Americans spend $40 billion a year on chicken products, and each person eats an average of 80 pounds of chicken annually.
Those are two of the less-entertaining facts presented in Mark Lewis’s “The Natural History of the Chicken,” a highly amusing documentary whose faux-pretentious title is the first clue that its exploration into the world of poultry will be tongue-in-cheek. (Or should I say, “tongue-in-beak”? No, I was right the first time. Tongue-in-cheek.)

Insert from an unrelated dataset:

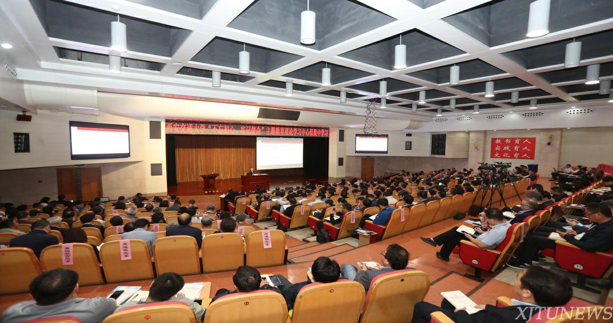 根据《西安交通大学“不忘初心、牢记使命”主题教育领导干部学习研讨方案》要求,进一步深化学习理解,强化交流研讨,对习近平新时代中国特色社会主义思想真正学懂弄通做实,9月21日、22日,西安交通大学举行“不忘初心、牢记使命”主题教育理论学习中心组集中学习。校党委书记张迈曾、校长王树国及党委常委、校院两级党委中心组成员、省级以上教学科研机构领导班子成员、校管干部和主题教育指导组成员等共计400人参加学习。校党委副书记宫辉、赵军武分别主持报告会。

“I believe that people one day will hopefully understand as I do … how wonderful a little chicken can be,” says Karin Estrada, a Palm Beach woman who dotes on her pet rooster like it was her grandchild, going so far as to put custom-made panties on him in case he has an accident in the house.

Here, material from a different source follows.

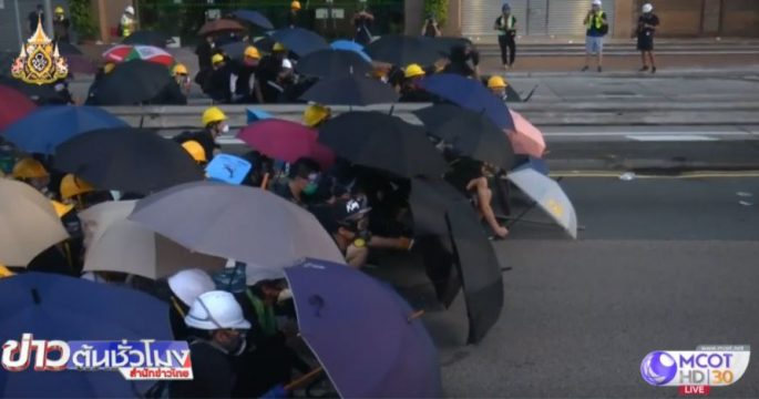 รัฐบาลฮ่องกงประณามการใช้ความรุนแรงของผู้ประท้วง พร้อมวิงวอนให้ประชาชนต่อต้านการใช้ความรุนแรง หลังการใช้กระสุนจริงและน้ำแรงดันสูงฉีดสลายกลุ่มผู้ชุมนุมเป็นครั้งแรกเมื่อวานนี้

Other real-life characters introduced are Joseph Martinez, a Viriginia farmer of free-range chickens who tries to afford the creatures some dignity even up through the beheading process; Troy Waters, the grandson of the 1940s couple who had the side-show attraction headless rooster; Joel Vavra, a Nebraska man whose imitations of rooster calls are uncanny; and Janet Bonney, a Maine matron who gave mouth-to-mouth resuscitation when one of her pets lapsed into hyperthermia during a Nor’easter.

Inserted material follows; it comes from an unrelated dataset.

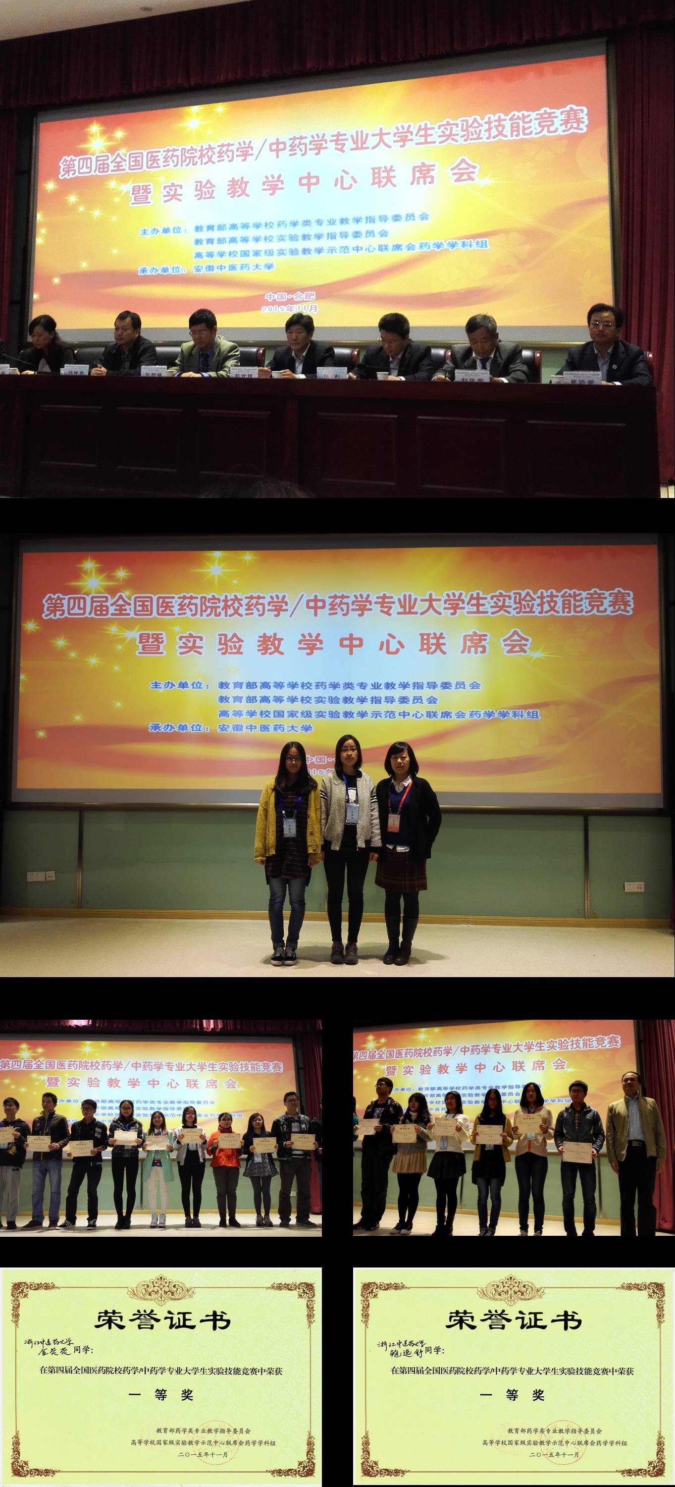 11月5日-11月7日,由教育部高等公司药学类专业教学指导委员会、教育部高等公司实验教学指导委员会和高等公司国家级实验教学示范中心联席会药学学科组主办,安徽中医药大学承办的第四届全国医药院校药学/中药学专业老员工实验技能竞赛暨实验教学中心联席会在安徽中医药大学举行。公司永利3044集团官网中药学专业2012级金荧荧和鲍逸舒两名员工在永利3044集团官网黄真副经理带领下参赛,经过激烈角逐,获得了2项个人一等奖的佳绩。

All of these chicken lovers speak without irony. Martinez seems to know, in the back of his mind, how odd it must seem to have fondness for an animal so generally disregarded; Vavra the rooster-imitator seems unaware, though. The CPR woman is so matter-of-fact (“I did give her mouth-to-beak,” she says simply) as to discourage any condescension toward her.
The film shows us another side of the story, too. Residents of Oxford, Ohio, were upset a few years ago when Bobby Wayne Webb moved to their quiet community and started raising roosters for cock-fighting. The locals weren’t mad about the cruelty of such sports; they were bothered by the 100 roosters’ non-stop noise-making all day, every day. They were bothered enough to take Webb to court, in fact.
Filmed with bright colors and vaguely self-conscious reenactments, the documentary aims to be as enjoyable to watch as it can be without resorting to humor at the expense of its subjects. Lewis generally does just let the people tell their own stories, supplementing them with sound effects or re-creations at times, but in a manner that bolsters the tales rather than smirks at them. The woman with the underwear-clad rooster, unfortunately, is allowed to over-act for the camera; aside from that, Lewis shows great restraint, putting in enough directorial touches to keep it interesting without turning it into a farce.
Informative? Not particularly. But who wants to know a bunch of stuff about chickens anyway? Real people with real feelings about chickens — THAT’S where the fun is.